New coefficient= Current coefficient — (Learning Rate*Error)

新系数=当前系数-(学习率*错误)

New Constant = Current Constant -(Learning Rate*Error*Independent Variable Value)

新常数=当前常数-(学习率*错误*独立变量值)

while epoch<1100:    epoch=epoch+1    counter=0    for x in Independent_Variable:        yhat=(m*x)+c        error=yhat-Dependent_Variable[counter]        c=c-(LR*error)        m=m-(LR*error*x)        counter=counter+1

We check the value of the coefficient and constant after 1100 iterations on the available dataset.

我们在可用数据集上进行1100次迭代后检查系数和常数的值。

print("The final value of  m", m)print("The final value of  c", c)

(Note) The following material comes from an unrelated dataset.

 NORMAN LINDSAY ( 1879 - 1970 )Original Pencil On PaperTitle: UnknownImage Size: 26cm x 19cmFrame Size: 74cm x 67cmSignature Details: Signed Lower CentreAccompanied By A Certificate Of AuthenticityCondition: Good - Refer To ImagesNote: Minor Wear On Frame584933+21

Mathematically, it can be represented as y=(0.81*x)+0.33

数学上可以表示为y =(0.81 * x)+0.33

Finally, let us compare the earlier output with the Scikit-learn linear regression algorithm result

最后，让我们将早期输出与Scikit-learn线性回归算法的结果进行比较

from sklearn.linear_model import LinearRegressionreg = LinearRegression().fit(Independent_Variable.reshape(-1,1), Dependent_Variable)print(reg.coef_)print(reg.intercept_)

With 1100 iterations on the available dataset the calculated value of the coefficient and constant/bias is very close to the output of Scikit-learn linear regression algorithm.

在可用数据集上进行1100次迭代后，系数和常数/偏置的计算值非常接近Scikit-learn线性回归算法的输出。

I hope this gives article gave you a firm understanding on behind the scene mathematical calculation and concept in linear regression. Also, we have seen the way gradient descent is applied to find the optimal solution. In the case of multiple linear regression, the math and logic remain the same, and it is just scaled further in more dimensions.

我希望本文能使您对线性回归的数学计算和概念有一个深刻的了解。 同样，我们已经看到了应用梯度下降法找到最佳解的方法。 在多元线性回归的情况下，数学和逻辑保持不变，并且只是在更多维度上进行了进一步扩展。